Jombang, Memo
Balita berusia 5 tahun, Adzriel, yang dilaporkan hilang akibat terseret arus sungai di Dusun Murangagung, akhirnya ditemukan dalam kondisi meninggal dunia pada Jumat (22/8/2025) pukul 10.08 WIB. Jenazah korban berhasil ditemukan oleh tim SAR gabungan setelah melakukan pencarian intensif selama dua hari, sekitar satu kilometer dari lokasi kejadian.
Di pinggir sungai, sebuah penantian penuh harap dan cemas akhirnya berakhir dengan isak tangis yang pecah. Setelah dua hari pencarian yang intensif, Adzriel (5), balita yang hilang terseret arus, ditemukan. Bukan lagi dalam keadaan hidup, namun setidaknya, ia dapat kembali ke pelukan keluarganya.

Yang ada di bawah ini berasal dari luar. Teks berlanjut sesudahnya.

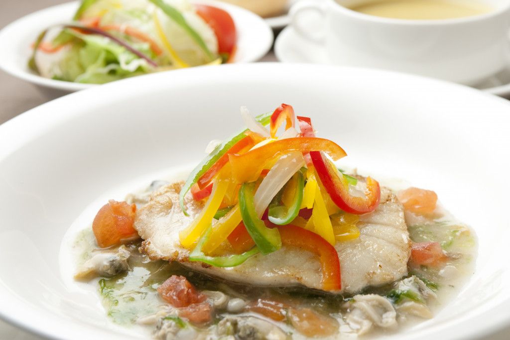1Fオールダイニング「オーシャングリル」にて、スープ、サラダ、月替わりのメインディッシュ、デザート、食後のコーヒー又はティーがセットになったおトクなランチセットをお召し上がり下さいませ。

Baca Juga: Konsisten Dukung TNI/ Polri KAI Daop 7 Madiun Berikan Diskon Tarif Mudik
Tragedi ini bermula di Dusun Murangagung, saat Adzriel dilaporkan hilang setelah terseret derasnya arus sungai. Laporan duka ini memicu respons cepat dari tim gabungan yang dipimpin oleh Kantor SAR Surabaya. Segala upaya dikerahkan untuk menemukan sang balita, dengan satu tujuan utama: memberikan kepastian kepada keluarga yang menanti.
Pencarian yang dilakukan tidaklah mudah. Tim SAR mengerahkan tiga unit SRU (Search and Rescue Unit) air untuk menyisir sungai sejauh satu kilometer dari lokasi kejadian. Mereka menggunakan perahu rafting dan metode susur sungai, melawan kondisi arus yang deras dan air yang berlumpur. Tak hanya tim profesional, solidaritas dari masyarakat setempat juga menjadi kekuatan utama. Warga ikut membantu memantau dari darat, menunjukkan kepedulian yang mendalam.

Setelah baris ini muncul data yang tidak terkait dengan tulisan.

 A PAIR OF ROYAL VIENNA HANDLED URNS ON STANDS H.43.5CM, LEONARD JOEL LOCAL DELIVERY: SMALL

Pada Jumat (22/8/2025) pagi, sekitar pukul 10.08 WIB, titik terang itu akhirnya datang. Tim SAR berhasil menemukan jenazah Adzriel. Dengan hati-hati, jenazah dievakuasi dan segera dibawa menuju rumah duka. Tangis haru dan kesedihan yang mendalam menyambut kedatangan Adzriel, mengakhiri pencarian yang panjang dan melelahkan.
Kepala Kantor SAR Surabaya, Nanang Sigit P.H., menyampaikan apresiasi setinggi-tingginya kepada semua pihak yang terlibat dalam operasi ini. “Kami sangat berterima kasih atas bantuan dan dukungan dari semua pihak yang terlibat, termasuk warga sekitar sungai yang turut membantu memantau,” ujarnya, menegaskan betapa pentingnya kerja sama dalam misi kemanusiaan seperti ini.